MATERIALS PROVIDED
__________________________________________________

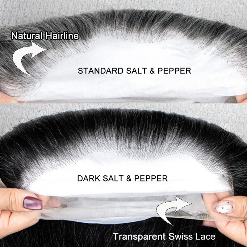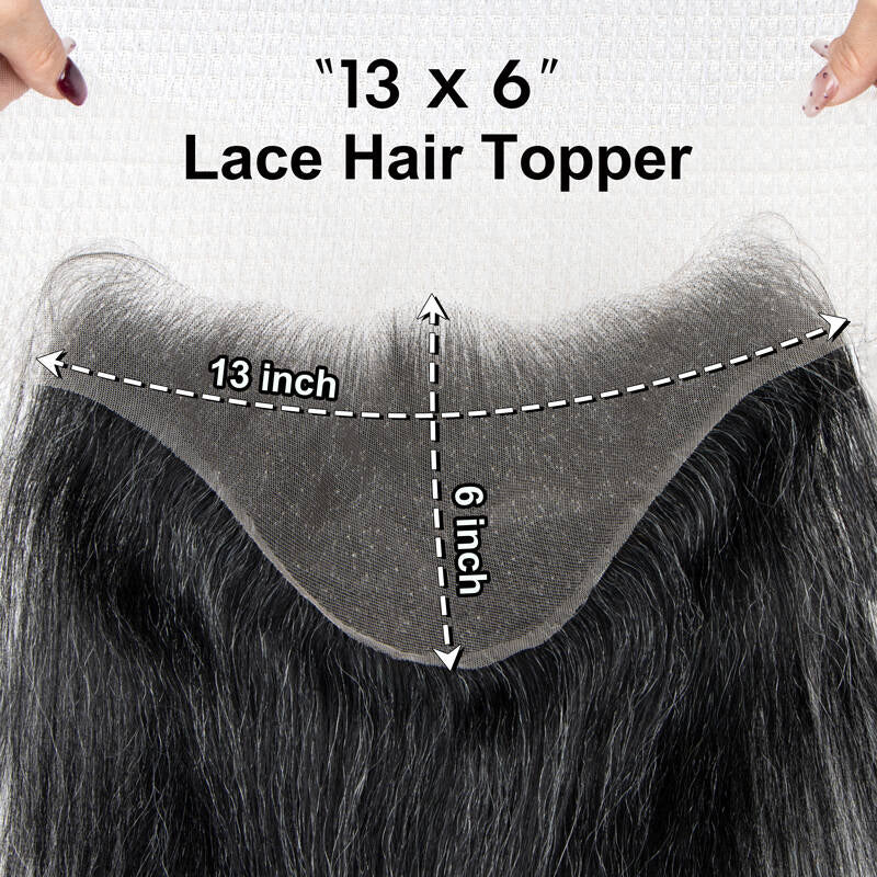 - Product Type: 13x6 Invisible Swiss Lace Full Frontal Salt and Pepper Human Hair Topper for Women
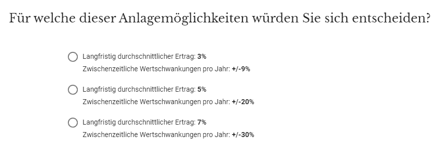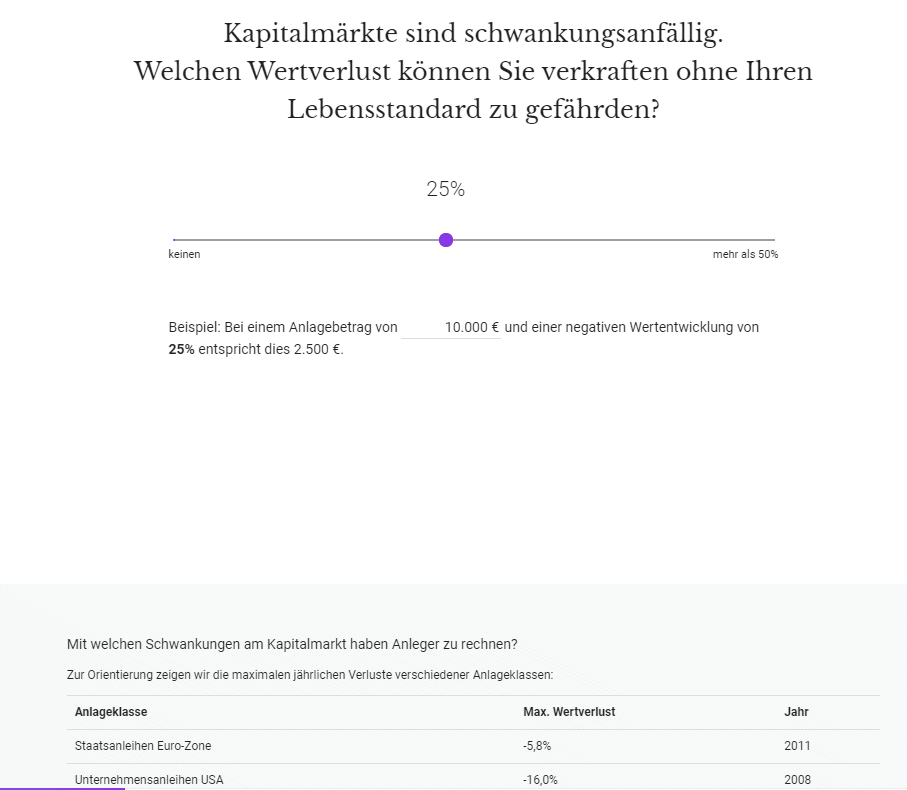 Diese Kennziffer bezieht sich auf das Verlustrisiko. Sie gibt vor, aufgrund welcher Wahrscheinlichkeit das Investment für welche Dauer einen Verlust aufweist. Sie gibt dem Anleger einen Hinweis darauf, mit welchem Risiko er unter Berücksichtigung der Prämissen rechnen muss. Dieser Ansatz ist bei der Risikobeurteilung sinnvoller, als der reine Hinweis auf die Aktienquote.
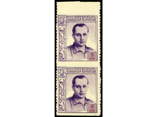 ** ESPAÑA: BENEFICENCIA. Ed. NE14sh. 5 cts. en pareja vertical SIN DENTADO HORIZONTAL. Borde superior de hoja. PRECIOSA. RARA.
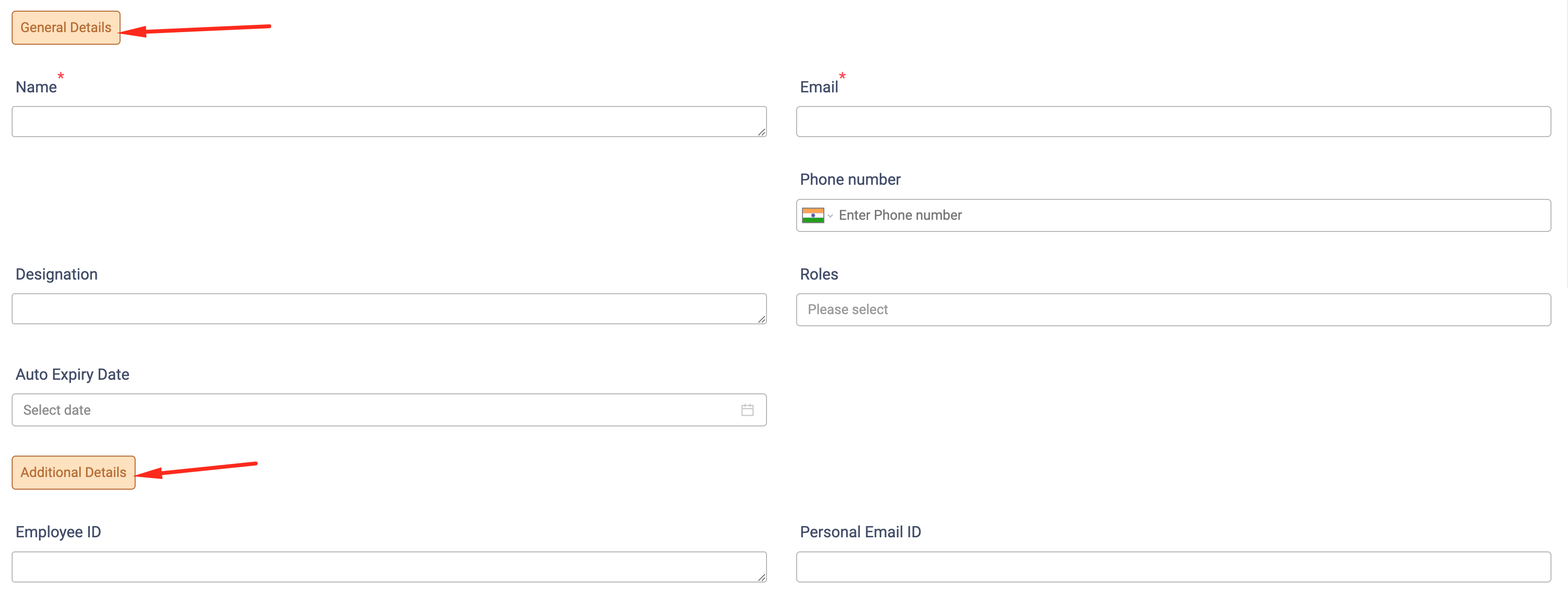 10. Once saved, the default fields of the user list will be grouped under the Label General Details and the newly added fields will be displayed under the Label Additional Details.
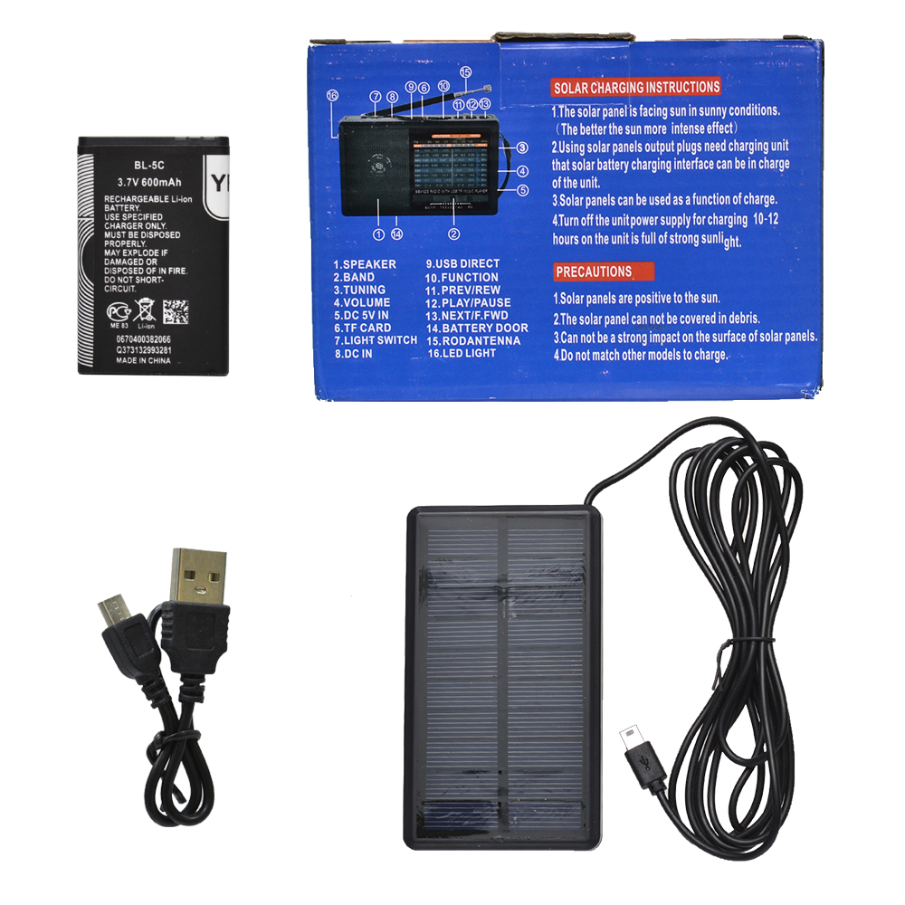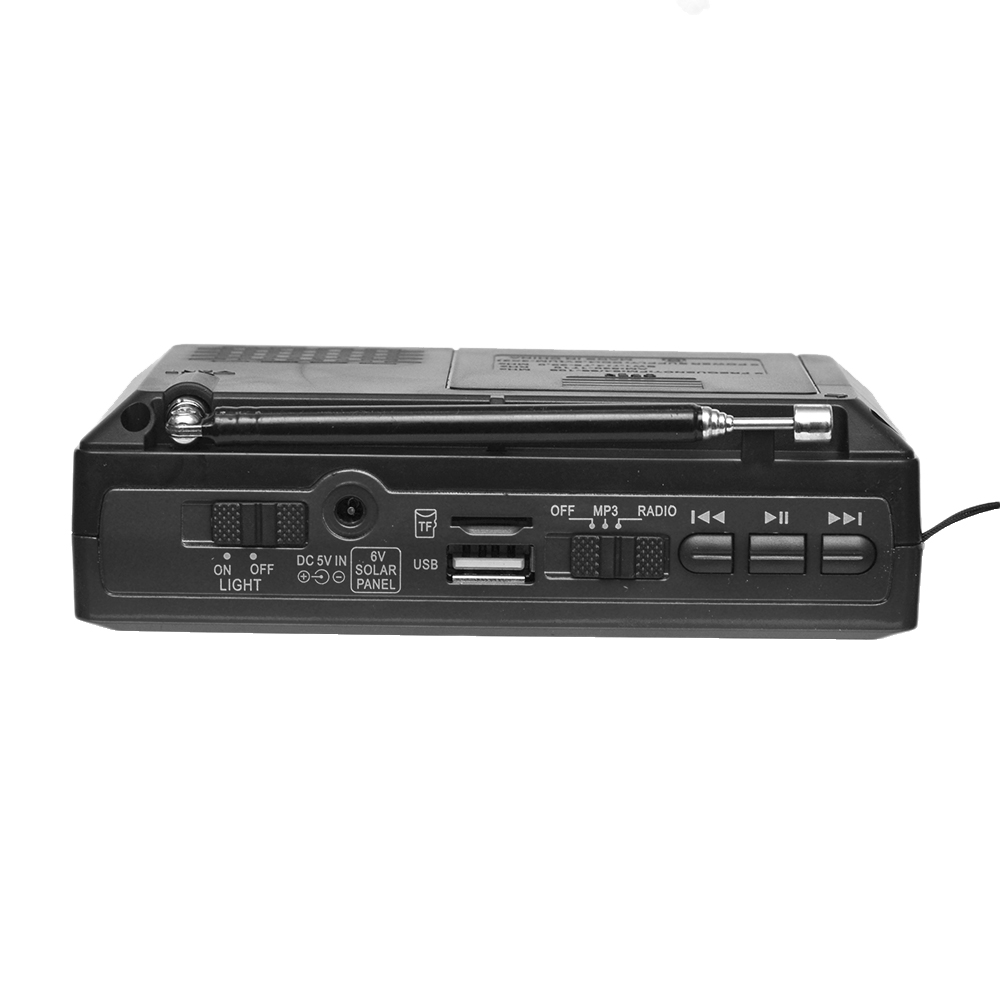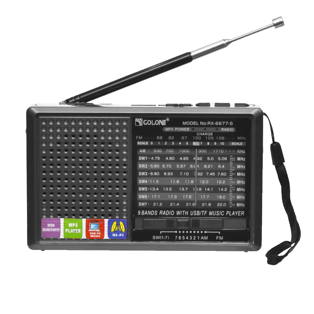 Радиоприемник Golon RX-BT6677-S - это портативное устройство, которое можно взять с собой в дорогу, на дачу или просто слушать дома. Устройство работает от батареек и от солнечной батареи, Воспроизводит аудиофайлы в формате MP3. Компактный и достаточно функциональный, на корпусе расположена ручка для переноса и телескопическая антенна. Приемник принимает 5 волн: AM, FM, SW1 - 7 Поддержка радио: FM диапазон: 64 - 108 МГц, TV диапазон: 2 - 5 канал, AM диапазон: 530 - 1600 КГц, SW диапазон: 7.5 - 190 МГц Поддержка носителей памяти: USB накопители,micro SD карты памяти

__________________________________________________

ACTION ITEM
Give back exactly the lines above from the one with "hoja. PRECIOSA. RARA." through the one with "10. Once saved, the", both included. Pictures don't belong in the copy.

ANSWER BELOW
 ** ESPAÑA: BENEFICENCIA. Ed. NE14sh. 5 cts. en pareja vertical SIN DENTADO HORIZONTAL. Borde superior de hoja. PRECIOSA. RARA.
 10. Once saved, the default fields of the user list will be grouped under the Label General Details and the newly added fields will be displayed under the Label Additional Details.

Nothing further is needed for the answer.